Aquí hay una solución usando boxplot.stats

# create a dummy data frame with outliers df = data.frame(y = c(-100, rnorm(100), 100)) # create boxplot that includes outliers p0 = ggplot(df, aes(y = y)) + geom_boxplot(aes(x = factor(1))) # compute lower and upper whiskers ylim1 = boxplot.stats(df$y)$stats[c(1, 5)] # scale y limits based on ylim1 p1 = p0 + coord_cartesian(ylim = ylim1*1.05)

¿Cómo ignoraría los valores atípicos en ggplot2 boxplot? No quiero simplemente que desaparezcan (es decir, outlier.size = 0), pero quiero que se ignoren de manera que el eje y se escale para mostrar el percentil 1º / 3º. Mis valores atípicos están causando que la "caja" se reduzca tan pequeña que prácticamente es una línea. ¿Hay algunas técnicas para lidiar con esto?

Editar Aquí hay un ejemplo:

y = c(.01, .02, .03, .04, .05, .06, .07, .08, .09, .5, -.6) qplot(1, y, geom="boxplot")


La opción "coef" de la función geom_boxplot permite cambiar el límite de valores atípicos en términos de rangos intercuartílicos. Esta opción está documentada para la función stat_boxplot. Para desactivar los valores atípicos (en otras palabras, se tratan como datos regulares), uno puede, en lugar de usar el valor predeterminado de 1.5, especificar un valor límite muy alto:

library(ggplot2) # generate data with outliers: df = data.frame(x=1, y = c(-10, rnorm(100), 10)) # generate plot with increased cutoff for outliers: ggplot(df, aes(x, y)) + geom_boxplot(coef=1e30)


Si desea obligar a los bigotes a extenderse a los valores máximos y mínimos, puede modificar el argumento del coef . El valor predeterminado para coef es 1.5 (es decir, la longitud predeterminada de los bigotes es 1.5 veces el IQR).
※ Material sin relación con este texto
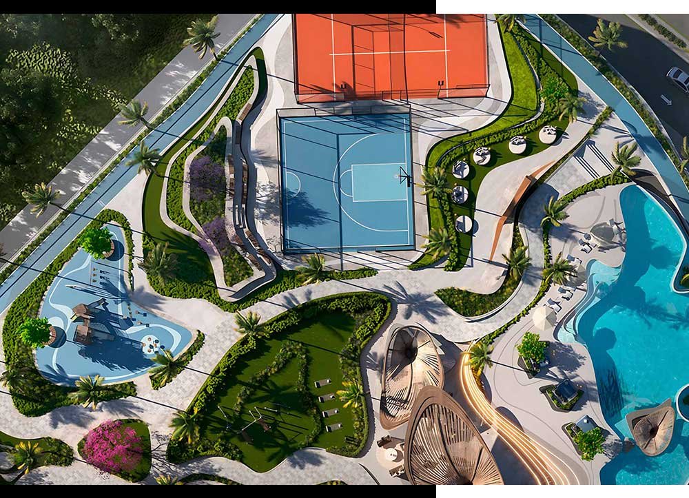 One of the highlights of Velos Residence is its 33rd‑floor rooftop spanning over 120,000 sq. ft, featuring a breathtaking infinity pool and wooden lounge deck, tranquil Japanese and Mediterranean‑style gardens, and a serene meditation & yoga pavilion, perfect for relaxation. Wellness is prioritised with both indoor and outdoor gyms, a yoga studio, and dedicated wellness zones. For entertainment, residents can enjoy an outdoor cinema, padel and basketball courts, a pet-friendly area, and jogging tracks woven through landscaped grounds, while families will enjoy the indoor and outdoor children’s play areas. Day-to-day living is enhanced with covered parking, 24/7 security and concierge, and ground-floor retail outlets and cafes.
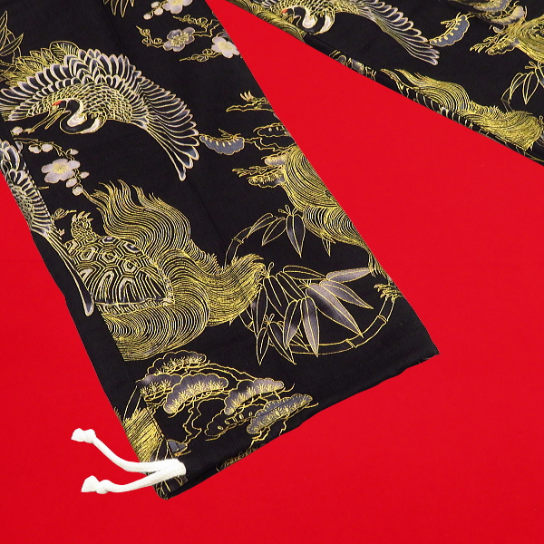 【送料無料】金彩鶴亀(黒金)中サイズ(M) 和柄ズボン ※

# Load package and create a dummy data frame with outliers #(using example from Ramnath''s answer above) library(ggplot2) df = data.frame(y = c(-100, rnorm(100), 100)) # create boxplot that includes outliers p0 = ggplot(df, aes(y = y)) + geom_boxplot(aes(x = factor(1))) # create boxplot where whiskers extend to max and min values p1 = ggplot(df, aes(y = y)) + geom_boxplot(aes(x = factor(1)), coef = 500)


Tuve el mismo problema y precalculamos los valores para Q1, Q2, mediana, ymin, boxplot.stats usando boxplot.stats :

# Load package and generate data library(ggplot2) data <- rnorm(100) # Compute boxplot statistics stats <- boxplot.stats(data)$stats df <- data.frame(x="label1", ymin=stats[1], lower=stats[2], middle=stats[3], upper=stats[4], ymax=stats[5]) # Create plot p <- ggplot(df, aes(x=x, lower=lower, upper=upper, middle=middle, ymin=ymin, ymax=ymax)) + geom_boxplot(stat="identity") p

El resultado es un diagrama de caja sin valores atípicos.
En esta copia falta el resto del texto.